In the listing that follows, locate the line containing "オーバースペックのサウナスト" and the line containing "يبدو أن الإطار". Retype exactly those two lines and every line between them, and nothing more.

• [Material for this task]:

※

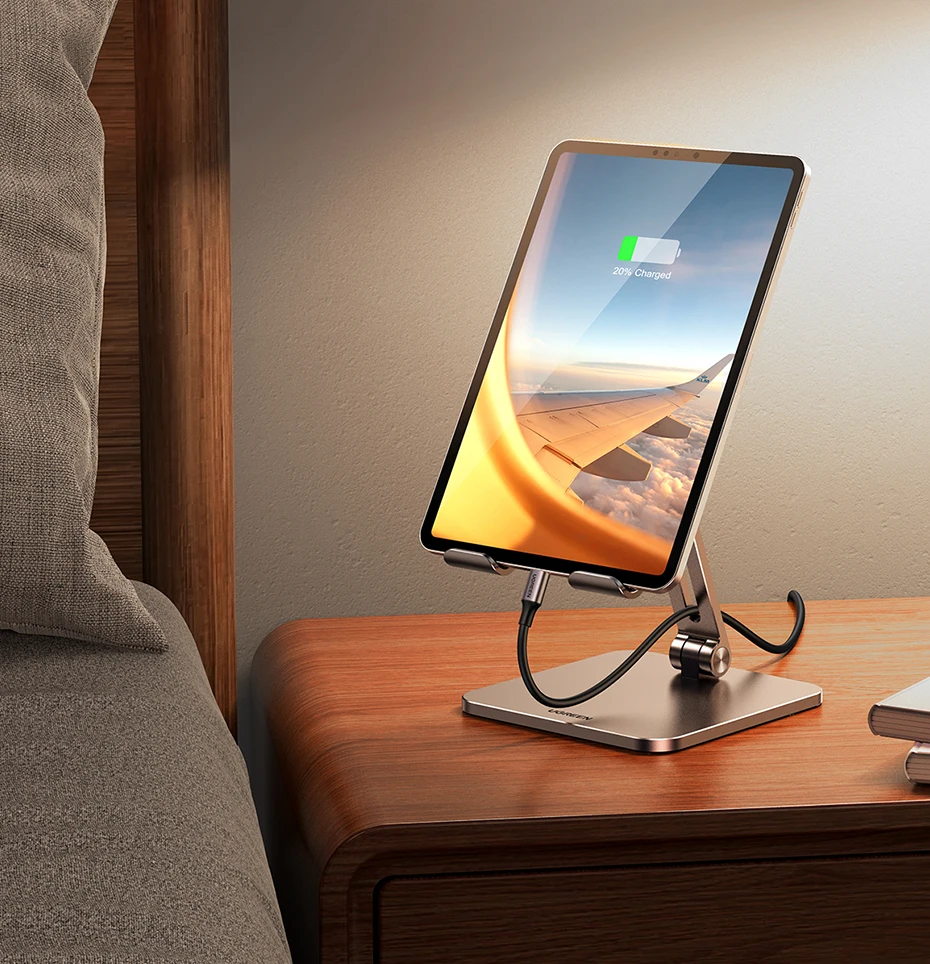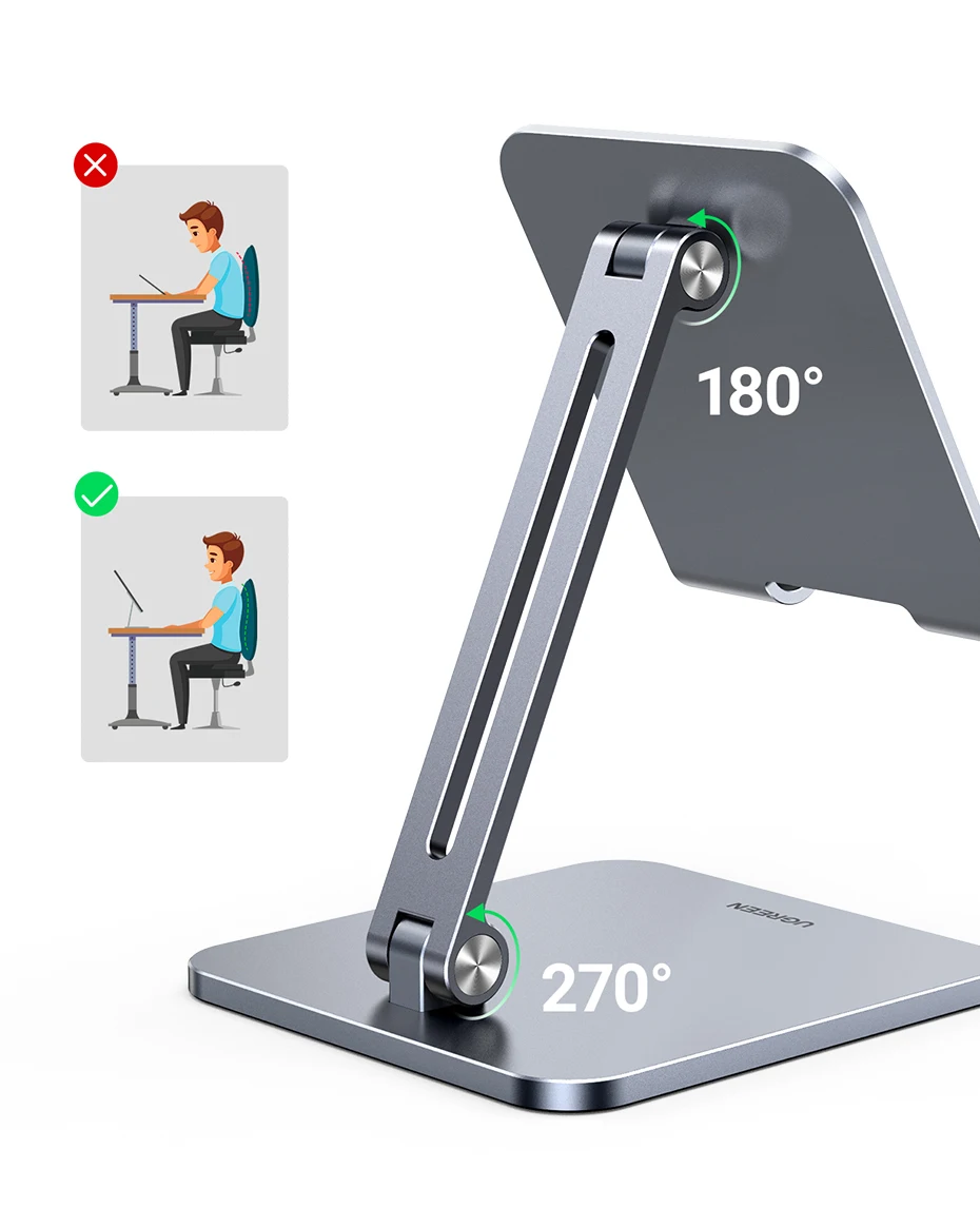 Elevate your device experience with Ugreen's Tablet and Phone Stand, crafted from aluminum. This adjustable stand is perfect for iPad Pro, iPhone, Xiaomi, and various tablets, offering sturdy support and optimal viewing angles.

※

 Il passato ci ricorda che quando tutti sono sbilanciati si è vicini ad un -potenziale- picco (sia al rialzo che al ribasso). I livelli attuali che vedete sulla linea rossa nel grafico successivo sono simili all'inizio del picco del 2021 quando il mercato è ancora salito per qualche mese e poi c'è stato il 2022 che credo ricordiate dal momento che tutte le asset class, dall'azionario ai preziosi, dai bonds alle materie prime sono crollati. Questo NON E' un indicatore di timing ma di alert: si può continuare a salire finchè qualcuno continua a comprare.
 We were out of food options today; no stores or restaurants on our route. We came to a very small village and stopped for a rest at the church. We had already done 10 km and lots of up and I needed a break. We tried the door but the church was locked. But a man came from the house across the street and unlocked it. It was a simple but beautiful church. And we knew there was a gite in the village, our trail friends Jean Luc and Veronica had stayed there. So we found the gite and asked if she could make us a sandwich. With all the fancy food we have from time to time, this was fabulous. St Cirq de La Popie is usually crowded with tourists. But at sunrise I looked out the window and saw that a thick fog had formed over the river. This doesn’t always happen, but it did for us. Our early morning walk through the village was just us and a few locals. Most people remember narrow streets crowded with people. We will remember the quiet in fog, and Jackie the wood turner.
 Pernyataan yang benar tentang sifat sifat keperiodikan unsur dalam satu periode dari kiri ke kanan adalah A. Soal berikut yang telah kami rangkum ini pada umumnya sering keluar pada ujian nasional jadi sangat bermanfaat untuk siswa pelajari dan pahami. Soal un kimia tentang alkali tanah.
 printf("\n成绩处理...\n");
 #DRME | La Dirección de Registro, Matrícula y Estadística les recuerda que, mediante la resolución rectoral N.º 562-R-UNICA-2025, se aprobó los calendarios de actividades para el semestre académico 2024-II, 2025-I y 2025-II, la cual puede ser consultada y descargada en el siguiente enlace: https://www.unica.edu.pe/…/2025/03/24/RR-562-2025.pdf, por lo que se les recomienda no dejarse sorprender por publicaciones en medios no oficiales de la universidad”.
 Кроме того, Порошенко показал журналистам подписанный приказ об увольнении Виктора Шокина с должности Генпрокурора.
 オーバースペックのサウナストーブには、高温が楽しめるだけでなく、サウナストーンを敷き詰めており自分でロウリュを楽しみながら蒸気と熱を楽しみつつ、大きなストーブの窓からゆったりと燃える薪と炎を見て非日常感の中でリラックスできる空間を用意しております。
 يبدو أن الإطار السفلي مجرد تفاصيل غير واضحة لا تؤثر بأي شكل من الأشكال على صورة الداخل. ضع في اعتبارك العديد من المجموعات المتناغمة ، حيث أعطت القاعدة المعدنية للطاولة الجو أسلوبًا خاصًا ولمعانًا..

※

• [Task result]:
 オーバースペックのサウナストーブには、高温が楽しめるだけでなく、サウナストーンを敷き詰めており自分でロウリュを楽しみながら蒸気と熱を楽しみつつ、大きなストーブの窓からゆったりと燃える薪と炎を見て非日常感の中でリラックスできる空間を用意しております。
 يبدو أن الإطار السفلي مجرد تفاصيل غير واضحة لا تؤثر بأي شكل من الأشكال على صورة الداخل. ضع في اعتبارك العديد من المجموعات المتناغمة ، حيث أعطت القاعدة المعدنية للطاولة الجو أسلوبًا خاصًا ولمعانًا..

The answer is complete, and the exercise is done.